Although I started in the Coping/Infidelity section and unfortunately made it to the Divorced section, I am posting this question here because I have seen a wealth of information on usages with technology. 

With the advice from many, I got a new cell phone number and have been able to keep it from my ex. Recently I found out he obtained my new number. I know he has tracked other people with an application that allows such and I remember several of you referring this application on to people with Iphones. He has an Iphone(4) and I have a Verizon Droid. Can he track my location now that he knows my number? I am a little worried as I believe he would do so.


----------



## Jellybeans (Mar 8, 2011)

52, I'm not sure about how he could do that but I'm not very phone savvy...
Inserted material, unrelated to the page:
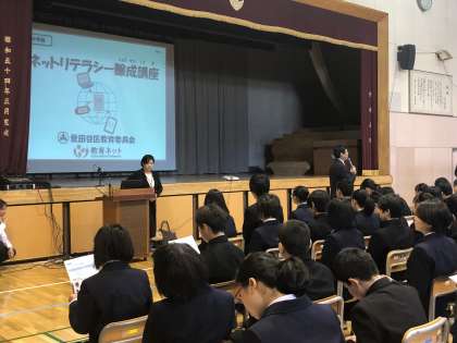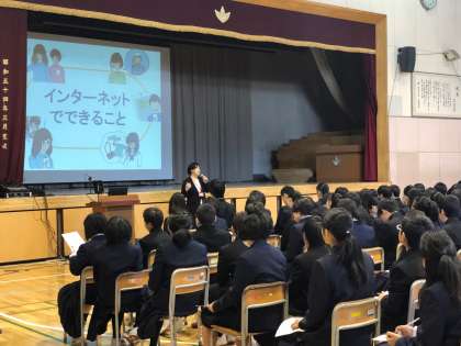 全校生徒および保護者を対象に、教育ネットサポートセンターから講師をお呼びして、ネットリテラシー醸成講座が行われました。はじめにインターネットの仕組みについてのお話がありました。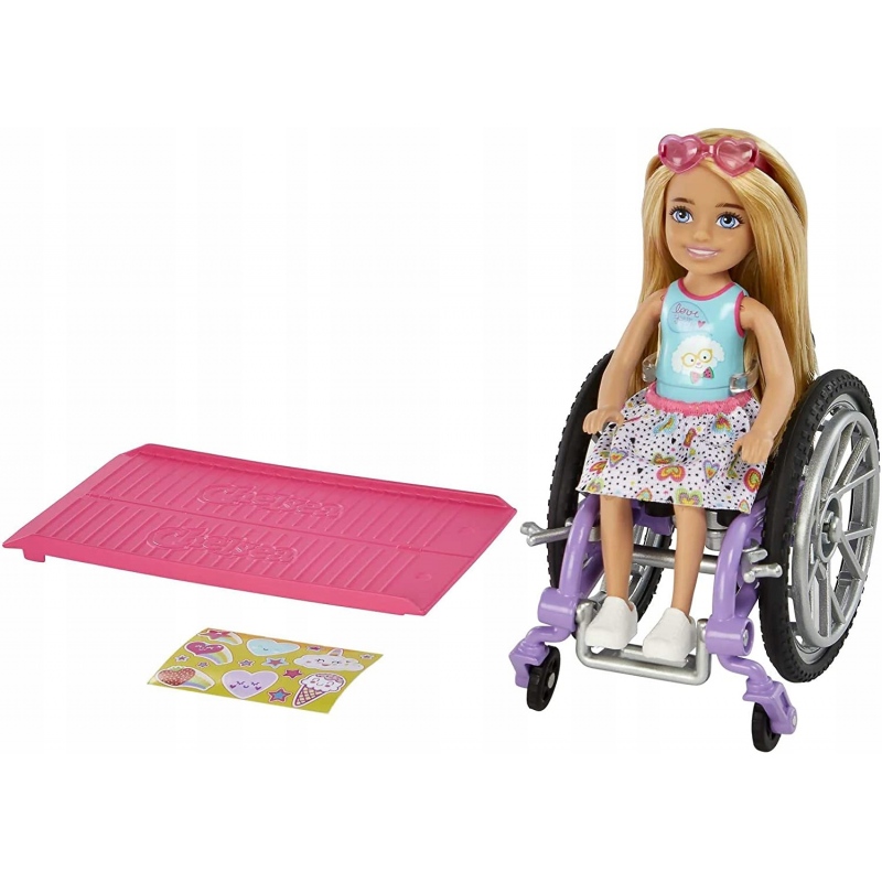 Ta lalka Chelsea ma w zestawie wózek inwalidzki z realistycznymi detalami i obracającymi się kółkami. W opakowaniu znajduje się też rampa, która zapewnia łatwy dostęp np. do domku dla lalek (sprzedawane odzielnie) oraz arkusz naklejek pozwalający spersonalizować sprzęt.

Do you know what the application is called? If you guys still call eachother/text, maybe he can track it that way?


----------



## Almostrecovered (Jul 14, 2011)

He would have to physically get a hold of your phone for 10 minutes to put spyware on it.
Otherwise I can't see how he could get the info on your phone unless he is an account holder or has access to the computer that you sync the phone with.


----------



## HerToo (Oct 3, 2011)

I know the iphone 4 has an application that the owner of the phone can sign up for via login and password that helps the owner locate their iphone if they misplace it. Call Verizon Wireless and ask them if the same is possible with a Droid. Also, ask them about ways to secure your cell phone from stalking activities. They can help you.


----------



## naomi105813 (Oct 7, 2011)

There must be trust between the couples,right?


----------



## tacoma (May 1, 2011)

HerToo said:


> I know the iphone 4 has an application that the owner of the phone can sign up for via login and password that helps the owner locate their iphone if they misplace it. Call Verizon Wireless and ask them if the same is possible with a Droid. Also, ask them about ways to secure your cell phone from stalking activities. They can help you.


This is regulated by the e-mail address of the phones owner.
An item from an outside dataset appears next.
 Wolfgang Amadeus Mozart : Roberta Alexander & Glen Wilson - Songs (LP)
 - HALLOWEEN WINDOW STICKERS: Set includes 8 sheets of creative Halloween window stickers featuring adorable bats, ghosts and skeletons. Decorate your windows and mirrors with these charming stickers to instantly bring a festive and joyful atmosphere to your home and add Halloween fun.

When the "Find my iPhone" app is run in search of a phone an e-mail is sent to the phones owner so it`s not good to use for spying.

AS far as Android goes there are a number of apps that can be used to track a phone, see texts, and so on but he would need to have your phone in his possession long enough to download and install one of these apps.

If he hasn`t had direct access to your phone you`re probably ok.


----------